Moments earlier she had accidentally climbed into the bed of Cooper’s born-again Christian housemate after a trip to the toilet. 

The jury heard the woman recorded a 15 out of 15 on the Glascow Coma Scale – a clinical test used to reliably measure a person’s level of consciousness after a brain injury – a little under an hour after the alleged rape. 

‘(She) thinks she’s a victim and when she finds out in November that her drink hasn’t been spiked, there aren’t any drugs, she becomes active in contacting the police,’ Mr Dunn said. 

The jury heard the victim repeatedly contacted police asking them about the investigation. 

‘She’s a victim. And she writes the note saying “I want and need him charged”. She’s making contact with the police, taking an active role in it,’ Mr Dunn said. 

‘Why does she need him charged … the defence suggests because she’s now an entrenched victim.’

Mr Dunn urged the jury to consider what his client must have thought after picking-up a woman at a bar, kissing her and winding up in bed with her. 

‘You’re fond of this person, you’re feeling affectionate towards him and the phone rings and the person says “No, I’m not coming home, I’m going to stay here”,’ Mr Dunn said. 

‘What do you think? You think they want to stay with you, in a bedroom … they start kissing, she takes her jeans off and then her panties, that it’s a reasonable thing for him to think that she’s up for sex? 

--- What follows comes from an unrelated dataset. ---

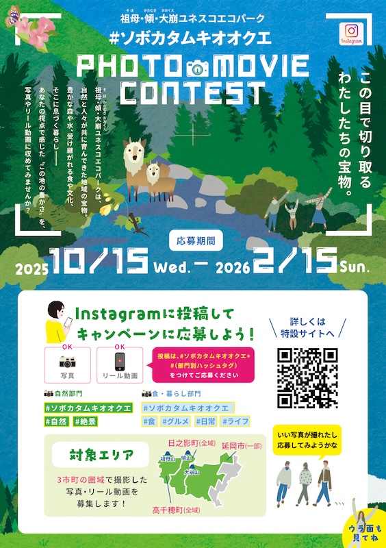 祖母・傾・大崩(そぼ・かたむき・おおくえ)ユネスコエコパークの宮崎エリア(延岡市、高千穂町、日之影町)を舞台にインスタグラムハッシュタグキャンペーンを開催します! 入賞者(合計55名様)には豪華賞品をプレゼント! さらに、入賞作品は今後... -

‘And anybody in his situation would think that … anybody in his situation, as he said to the police, “I’m going to get laid”. We say that’s a pretty fair thing to think. And then she gets on top of him.’

The jury agreed. 


A jury heard the woman had not been keen to talk to her mates after she left the club with Phoenix Cooper. 

When she didn’t pick-up the phone, her uni mate managed to track Cooper’s phone number down thanks to his previous bragging. 

When he finally picked-up the phone some 20 minutes after leaving the bar, Cooper claimed she didn’t want to speak. 

Unconvinced, her law student friend – now in an Uber himself – continued to demand he speak with her. 

‘I’m fine, I’m fine,’ the woman told him. 

Concerned about the slurring of her speech, he asked and was provided Cooper’s address so that he could come and check on her. 

After that conversation, the woman got out of bed with Cooper and went to the toilet. 

When she attempted to return to the bedroom, the jury heard she ended up in the bed of Cooper’s born-again-Christian housemate, who promptly returned her to the correct bedroom. 

At 1.20am, the woman’s friends arrived at Cooper’s apartment complex and called him again. 

‘Darling your friends are here,’ Cooper was heard to say. 

But when Cooper failed to bring the woman down within 10 minutes, her mates proceeded to wake-up the entire complex by pressing every doorbell. 

When Cooper and the woman finally went downstairs, it was noted she had no shoes on and her clothes were on back-to-front. 

He would later tell police he had never seen his friend in such a state in the eight years he’d known her. 

He further claimed when all four of them went back up into Cooper’s apartment to retrieve the shoes, she mouthed the words ‘help me’. 

The court heard the woman’s two friends took her to hospital after she vomited in the Uber upon leaving Cooper’s pad. 

When cops met up with Cooper days later he freely admitted to having sex with the woman. 

Cooper’s barrister told the jury the reason his client hadn’t opened the door for the woman’s friends when they arrived that morning was because they were in the process of having sex, which Mr Cooper freely admitted when he finally opened the door.